Vonovia Is Said in Talks on $23 Billion Deutsche Wohnen Deal

German residential property firm Vonovia SE is in advanced talks on a potential acquisition of rival Deutsche Wohnen SE for about 19 billion euros ($23 billion) in what would be the biggest-ever takeover in European real estate, people with knowledge of the matter said.

Vonovia is discussing a friendly purchase of Deutsche Wohnen for about 53 euros per share in cash including a 1 euro dividend, according to the people, who asked not to be identified because the information is private. The companies are prepared to address political and tenant concerns in Berlin as part of any transaction, the people said.

A deal for Deutsche Wohnen, valued at 28 billion euros including debt at Friday’s close, would rank as the year’s biggest European takeover and the largest acquisition of a German company in about four years, data compiled by Bloomberg show. It would reshape the country’s property industry, bringing together the two largest residential landlords with control of more than 500,000 apartment units.

While an agreement could be reached as soon as this week, there’s no certainty the negotiations will lead to a transaction, according to the people. Representatives for Vonovia and Deutsche Wohnen weren’t immediately available for comment during a German public holiday.

Shares of Deutsche Wohnen were up 9.7% on the Tradegate platform at 6:34 p.m. Monday in Frankfurt, giving the company a market value of about 17.6 billion euros, after earlier jumping as much as 11%. Vonovia fell as much as 1.9% on Tradegate. Both companies trade on Germany’s blue-chip Dax index.

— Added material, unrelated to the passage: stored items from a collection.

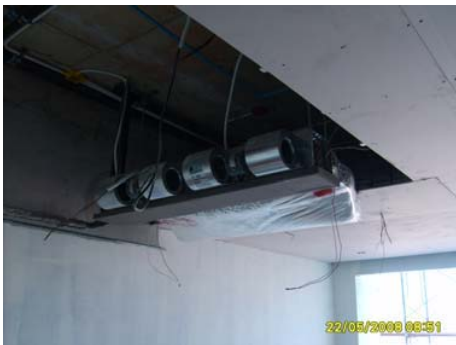
Pict 81 : Ceiling works and Air condition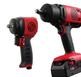
Air Tools & Cordless Tools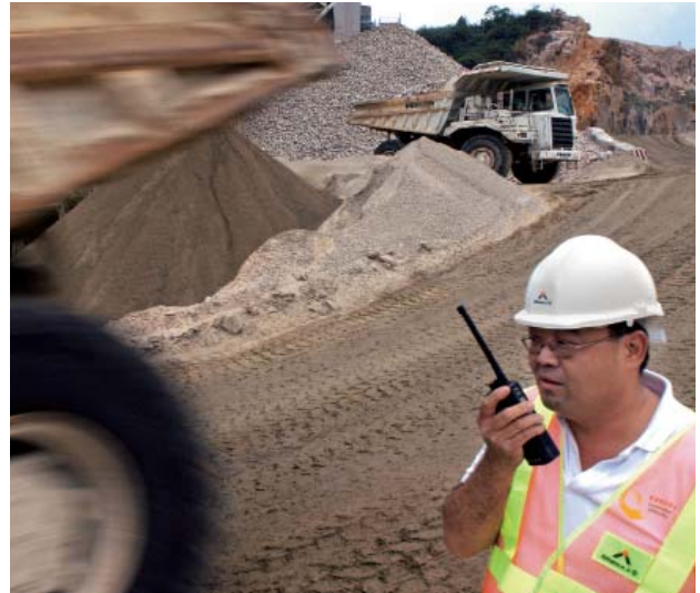
Alliance's Lam Tei quarry contract was extended until 2015, strengthening its position in the domestic aggregates business.

Green Island International has continued to study the feasibility of commercializing its “co-combustion” technology, an innovative thermal treatment for waste that has been developed in Hong Kong in partnership with the Hong Kong University of Science and Technology.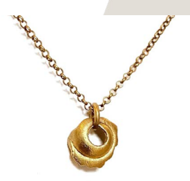
Shell Pendant Necklace Gold £95.00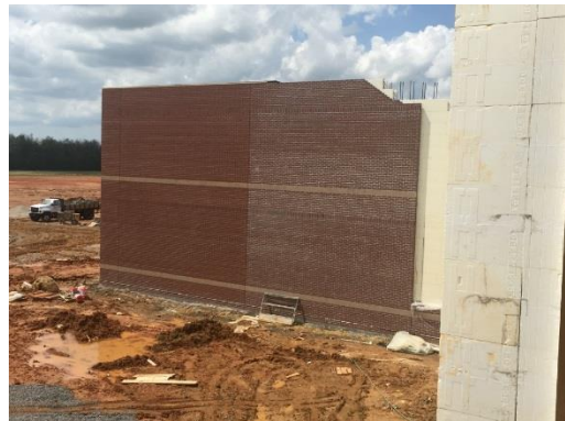
Second Floor – view of east wall of Gym (left portion cleaned, right portion uncleared)

German property companies have faced rising public pressure over the past few years over high prices, particularly in the nation’s capital. A combination between Vonovia and Deutsche Wohnen would enable significant cost savings and free up the firms to offer concessions to address political concerns, the people said.

Deutsche Wohnen faced a brief respite after a mid-April decision by the German constitutional court to overturn a controversial rent freeze in Berlin, where the company’s apartments are located. The company had a net asset value per share of 52.50 euros at the end of March, according to its latest results.

The negotiations mark the third time Vonovia has tried to acquire Deutsche Wohnen. A previous attempt failed in February 2016 after Vonovia couldn’t win enough support from Deutsche Wohnen investors. Deutsche Wohnen called that bid hostile and not in the best interests of shareholders.

Vonovia brought on advisers early last year to again consider the feasibility of a transaction, Bloomberg News reported at the time. In the end, it decided not to move forward with a bid.

Any combination would require alignment between Vonovia Chief Executive Officer Rolf Buch and his counterpart at Deutsche Wohnen, Michael Zahn, who clashed over price during the failed pursuit about five years ago. Buch has built Bochum-based Vonovia into a European property heavyweight through several acquisitions, including the 2019 purchase of Swedish landlord Hembla AB and a 2016 deal for Austrian developer Conwert Immobilien Invest SE.